The only difference between the embodiment of FIG. 2 and that of
FIG. 1 is that the vacuum operating chamber 31 in vacuum responsive
diaphragm control valve 21 is connected by means of passage 34a to
a port 34 in the wall of the intake passage in close proximity to
the throttle valve 4 of carburetor 1. Throttle valve 4 is so
designed that, when it is at idling opening, it will assume an
upstream position relative to port 34, and when throttle valve 4 is
at an opening larger than the idling opening, it will assume a
downstream position relative to port 34.
The function of the second embodiment shown in FIG. 2 is the same
as that of the first embodiment shown in FIG. 1. In other words,
during engine deceleration, a vacuum higher than given vacuum level
V1 is applied through port 34 to vacuum operating chamber 31 in the
vacuum responsive diaphragm control valve 21, so that gasoline
vapor is supplied by way of passage 19 through purge port 17 to the
internal combustion engine 6. When the throttle valve 4 is opened
to an opening larger than an idling opening, but smaller than given
opening A, then a minimum of gasoline vapor is supplied to the
engine. When throttle valve 4 is opened to an opening larger than
given opening A, then gasoline vapor is supplied by way of the
passage 18 through the purge port 16 to the engine 6.

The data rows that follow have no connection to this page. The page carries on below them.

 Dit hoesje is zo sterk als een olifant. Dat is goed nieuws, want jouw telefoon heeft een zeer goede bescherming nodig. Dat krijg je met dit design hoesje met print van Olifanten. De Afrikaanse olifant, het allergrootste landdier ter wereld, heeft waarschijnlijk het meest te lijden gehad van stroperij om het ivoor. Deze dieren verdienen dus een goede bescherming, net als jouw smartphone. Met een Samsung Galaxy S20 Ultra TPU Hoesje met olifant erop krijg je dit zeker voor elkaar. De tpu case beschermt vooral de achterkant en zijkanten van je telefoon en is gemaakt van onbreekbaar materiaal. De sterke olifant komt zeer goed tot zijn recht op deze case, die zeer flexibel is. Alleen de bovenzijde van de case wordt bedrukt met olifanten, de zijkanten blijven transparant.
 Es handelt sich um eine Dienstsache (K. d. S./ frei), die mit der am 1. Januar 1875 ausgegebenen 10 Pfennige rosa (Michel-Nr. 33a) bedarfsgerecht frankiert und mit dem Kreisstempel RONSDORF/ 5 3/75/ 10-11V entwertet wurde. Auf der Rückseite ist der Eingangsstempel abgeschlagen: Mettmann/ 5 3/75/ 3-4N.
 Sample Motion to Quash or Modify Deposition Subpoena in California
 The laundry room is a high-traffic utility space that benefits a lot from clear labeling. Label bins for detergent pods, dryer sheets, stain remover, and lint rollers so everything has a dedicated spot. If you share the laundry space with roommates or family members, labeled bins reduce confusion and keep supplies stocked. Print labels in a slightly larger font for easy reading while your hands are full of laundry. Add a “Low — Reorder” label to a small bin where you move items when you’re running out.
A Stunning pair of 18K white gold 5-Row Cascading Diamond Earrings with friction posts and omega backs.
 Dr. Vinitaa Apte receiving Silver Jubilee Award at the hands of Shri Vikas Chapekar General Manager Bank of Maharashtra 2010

The level of the intake manifold vacuum downstream from throttle
valve 4 in general depends not only on the throttle opening but
also on the rotational speed of the engine. In the first embodiment
of the invention, the deceleration condition of the engine is
detected by means of the intake manifold vacuum level. As a result,
when the rotational speed of the engine is high, despite the fact
that the throttle opening is not at an idling opening, i.e.,
despite the fact that the engine is not being decelerated, the
intake manifold vacuum exceeds a given vacuum level, with the
result that the passage 19 is opened. In contrast thereto,
according to the second embodiment, when the throttle opening is
not at an idling opening, throttle valve 4 assumes a downstream
position relative to the port 34, so that atmospheric pressure is
supplied to the vacuum operating chamber 31 in the vacuum
responsive diaphragm control valve 21, thereby preventing the
malfunctioning of vacuum responsive diaphragm control valve 21.

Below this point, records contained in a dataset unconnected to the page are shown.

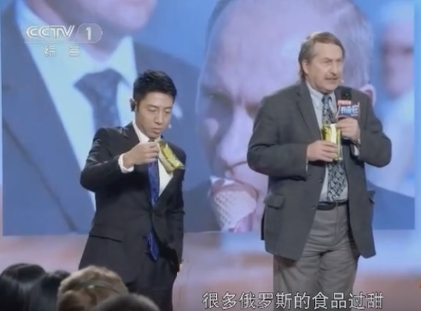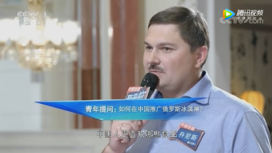 节目中,作为本期《开讲啦》的主讲嘉宾,尤里教授先是对主持人小撒(撒贝宁)送上中文版的《大国之翼:“一带一路”西行漫记》表示感谢。在接下来的莫斯科当地青年代表发言环节中,俄罗斯联合利华代表丹尼斯通过讲述自家冰淇淋在中国举办的G20峰会上因为俄罗斯总统普京以国礼级别赠予中国国家主席习近平和其他国家领导人而引发了巨大的品牌轰动。丹尼斯希冀中国这几年“一带一路”构想,让这款在俄罗斯早已家喻户晓的冰淇淋可以让中国亿万消费者也能一品独特而纯正的俄式风味。丹尼斯还在现场把国礼冰淇淋分别给台上的主持人小撒和尤里教授。二人当场品尝后纷纷赞不绝口。
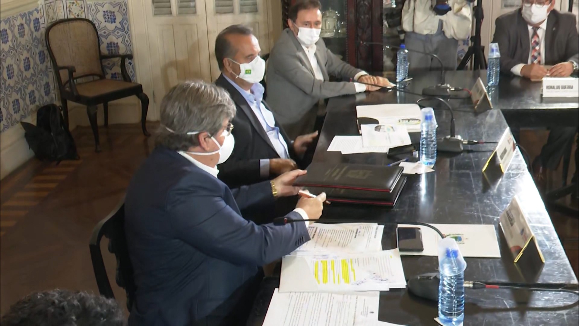 Encontro em João Pessoa reuniu os governos de Paraíba, Pernambuco, Ceará e Rio Grande do Norte com o ministro Rogério Marinho, do Desenvolvimento Regional. Ministro Rogério Marinho com o governador paraibano João Azevêdo TV Cabo Branco/Reprodução Os governos de Paraíba, Pernambuco, Ceará e Rio Grande do Norte assinaram nesta quinta-feira (29) um pré-acordo com o Ministério do Desenvolvimento Regional para definir os custos de recepção das águas do rio São Francisco aos estados beneficiados. Ficou definido no encontro que os estados terão um ano de carência e, a partir do segundo ano, começarão a custear de forma escalonada os gastos com a operação até o momento em que arcarão com a totalidade dos valores. O encontro aconteceu no Palácio da Redenção, sede do Governo da Paraíba. E, na ocasião, o ministro Rogério Marinho destacou que o objetivo principal do acordo é garantir a segurança hídrica aos quatro estados beneficiados com as obras de transposição do São Francisco. “O principal problema é com o custo da energia. Quem vai pagar esses valores. Então o acordo começa a resolver esse impasse”, explicou o ministro. Ele disse também que, como Paraíba e Pernambuco foram os primeiros estados a serem beneficiados com as obras, eles começam a pagar a cota mínima já este ano. O Ceará, que começou a ser beneficiado agora em 2021, vai começar a pagar no ano que vem. E o Rio Grande do Norte, que ainda vai começar a ser beneficiado, terá um ano de carência até o início da cobrança. No primeiro ano de pagamento, os estados arcam com 5% e o Governo Federal com 95%. E a parcela de cada estado vai crescendo ano a ano até chegar a 100% após cinco anos. Anfitrião do encontro, o governador paraibano João Azevêdo explicou que a cada um dos estados caberá o direito de definir a demanda de água que receberá a cada ano, a depender das necessidades provocadas por eventuais estiagens. E que é esse valor da vazão, variável, que deverá ser arcado por eles. Ele disse também que deve enviar à Assembleia Legislativa da Paraíba um projeto de lei que cria a taxa de segurança hídrica. De acordo com o Ministério, as negociações tinham sido iniciadas em 2016, mas só agora foram finalizadas. O primeiro pagamento por parte de Paraíba e Pernambuco deve acontecer em outubro. Participaram do encontro ainda os governadores Camilo Santana (Ceará) e Fátima Bezerra (Rio Grande do Norte) a vice-governadora Luciana Santos (Pernambuco).
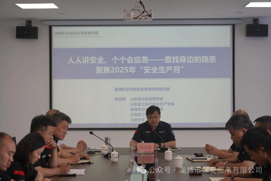 為深入貫徹市國(guó)資委“安全生產(chǎn)月”活動(dòng)要求,6月4日,市保安公司聚焦“人人講安全、個(gè)個(gè)會(huì)應(yīng)急——查找身邊的隱患”,邀請(qǐng)山東省應(yīng)急管理專家、正高級(jí)工程師,山東齊安檢測(cè)技術(shù)有限公司安全技術(shù)部經(jīng)理朱登國(guó)進(jìn)行專題授課,市保安公司黨委書記、董事長(zhǎng)付志欣主持,公司黨委委員,各部室、中心、子公司,各大隊(duì)負(fù)責(zé)人及安全分管領(lǐng)導(dǎo)參會(huì)。
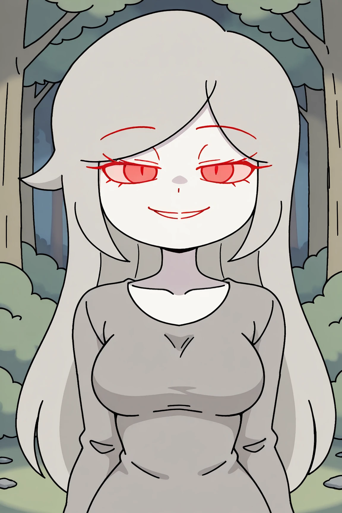 SusieD00ILXL, shortstack, toon (style), cartoon, cartoonized, pale skin, red eyes, red eyebrow, no sclera, grey hair, long hair, medium breasts, grey dress, long sleeves, barefoot

FIG. 3 shows the third embodiment of the fuel evaporation control
system according to the present invention. In this embodiment, like
parts are again designated by like reference numerals, in common
with those given in FIG. 1. An electromagnetic valve 35 is provided
midway in passage 19 for opening and closing the passage.

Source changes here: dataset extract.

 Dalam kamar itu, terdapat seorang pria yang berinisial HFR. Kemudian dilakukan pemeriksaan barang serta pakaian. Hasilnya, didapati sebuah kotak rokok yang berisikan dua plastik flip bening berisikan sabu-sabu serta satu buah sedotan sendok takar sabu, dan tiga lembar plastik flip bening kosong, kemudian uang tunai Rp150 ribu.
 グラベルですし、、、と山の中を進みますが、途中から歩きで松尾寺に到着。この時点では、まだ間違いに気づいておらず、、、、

Electromagnetic valve 35 is equipped with ports 49 and 50 which
communicate with passages 19 and 19b, respectively. Solenoid 36 and
plunger 38 serve as the valve body. An orifice 51 having an open
cross-sectional area Q2 is provided in port 50. Coil spring 37 is
provided in valve 35 so as to maintain plunger 38 in its neutral
position, i.e., to keep plunger 38 away from port 50. When solenoid
36 is energized, plunger 38 is attracted toward the solenoid 36 and
closes port 50. On the other hand, when solenoid 36 is
de-energized, plunger 38 is pushed away from port 50 by the action
of spring 37. A vacuum responsive switch 39 is provided which
comprises a vacuum operating chamber 42 and an atmospheric pressure
chamber 43 which are partitioned by diaphragm 41. The atmospheric
pressure chamber 43 communicates by way of port 46 with the
atmosphere. A coil spring 47 is provided in switch 39 so as to
maintain diaphragm 41 in its neutral position. The diaphragm 41 has
a contact element 44 attached thereto, which is adapted to bridge
and connect terminals 45 and 48. When a vacuum lower than given
vacuum level V1 is applied to the vacuum operating chamber 42,
diaphragm 41 is maintained in its neutral position under the action
of coil spring 47, and the contact element 44 contacts terminals 45
and 48. On the other hand, when a vacuum over given vacuum level V1
is applied to vacuum operating chamber 42, diaphragm 41 is
deflected against the action of the coil spring 47, whereby contact
element 44 is separated from terminals 45 and 48.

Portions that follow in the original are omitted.